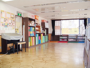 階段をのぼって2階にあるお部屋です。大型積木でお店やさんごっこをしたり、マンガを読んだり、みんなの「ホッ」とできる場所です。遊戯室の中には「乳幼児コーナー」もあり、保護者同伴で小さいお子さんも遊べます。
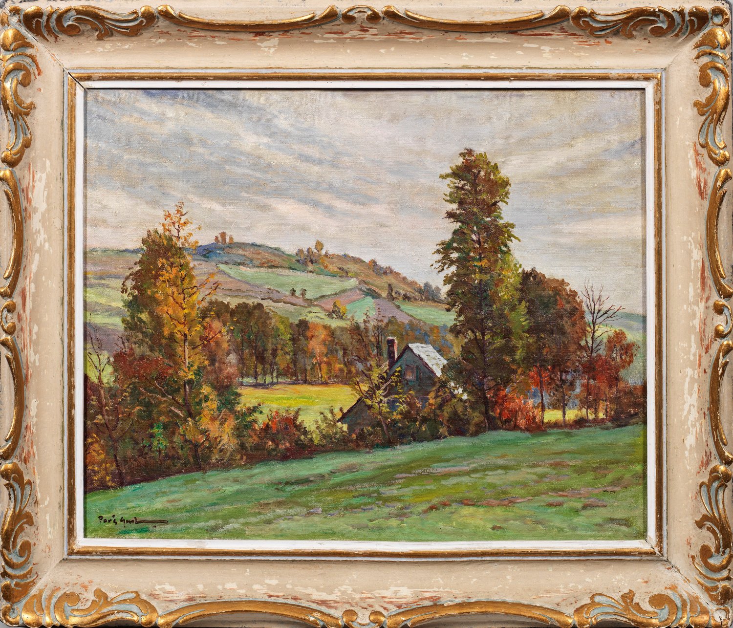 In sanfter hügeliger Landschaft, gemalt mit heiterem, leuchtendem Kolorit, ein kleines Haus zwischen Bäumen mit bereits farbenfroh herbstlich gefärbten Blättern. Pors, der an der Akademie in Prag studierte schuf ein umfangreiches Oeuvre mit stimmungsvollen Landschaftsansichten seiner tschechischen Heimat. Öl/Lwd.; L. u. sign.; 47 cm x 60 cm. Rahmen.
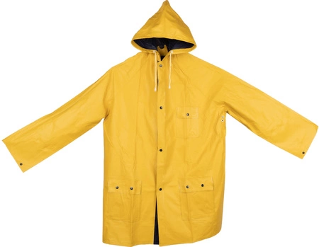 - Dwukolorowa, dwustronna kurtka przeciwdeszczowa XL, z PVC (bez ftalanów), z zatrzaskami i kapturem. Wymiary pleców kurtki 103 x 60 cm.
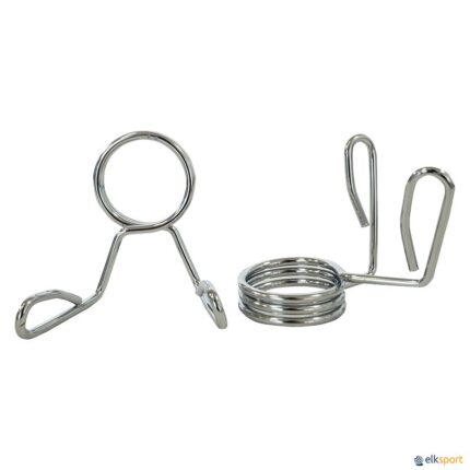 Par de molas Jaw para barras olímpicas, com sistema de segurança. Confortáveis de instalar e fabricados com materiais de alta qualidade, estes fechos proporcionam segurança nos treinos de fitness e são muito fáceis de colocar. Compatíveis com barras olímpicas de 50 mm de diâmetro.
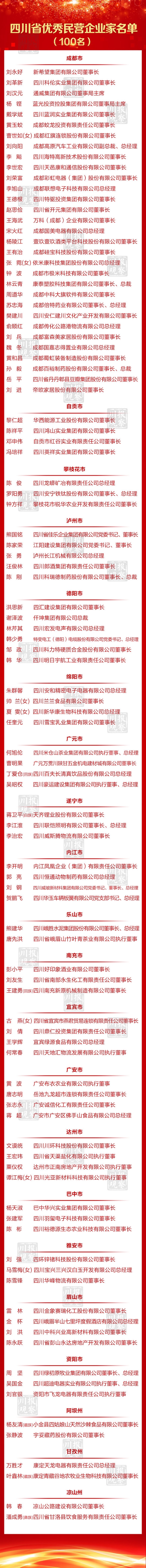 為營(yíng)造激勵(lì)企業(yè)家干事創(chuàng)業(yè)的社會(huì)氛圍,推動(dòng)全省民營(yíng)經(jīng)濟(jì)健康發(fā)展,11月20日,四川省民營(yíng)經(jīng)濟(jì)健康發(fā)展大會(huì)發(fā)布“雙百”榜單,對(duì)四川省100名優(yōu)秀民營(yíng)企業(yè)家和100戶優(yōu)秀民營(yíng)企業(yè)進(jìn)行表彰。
+ + + + + + +
Task instructions
Above are some records; quote exactly and only the lines that begin at the line containing "In sanfter hügeliger" and stop after the line containing "- Dwukolorowa, dwustronna", leaving out the pictures.

Expected answer
 In sanfter hügeliger Landschaft, gemalt mit heiterem, leuchtendem Kolorit, ein kleines Haus zwischen Bäumen mit bereits farbenfroh herbstlich gefärbten Blättern. Pors, der an der Akademie in Prag studierte schuf ein umfangreiches Oeuvre mit stimmungsvollen Landschaftsansichten seiner tschechischen Heimat. Öl/Lwd.; L. u. sign.; 47 cm x 60 cm. Rahmen.
 - Dwukolorowa, dwustronna kurtka przeciwdeszczowa XL, z PVC (bez ftalanów), z zatrzaskami i kapturem. Wymiary pleców kurtki 103 x 60 cm.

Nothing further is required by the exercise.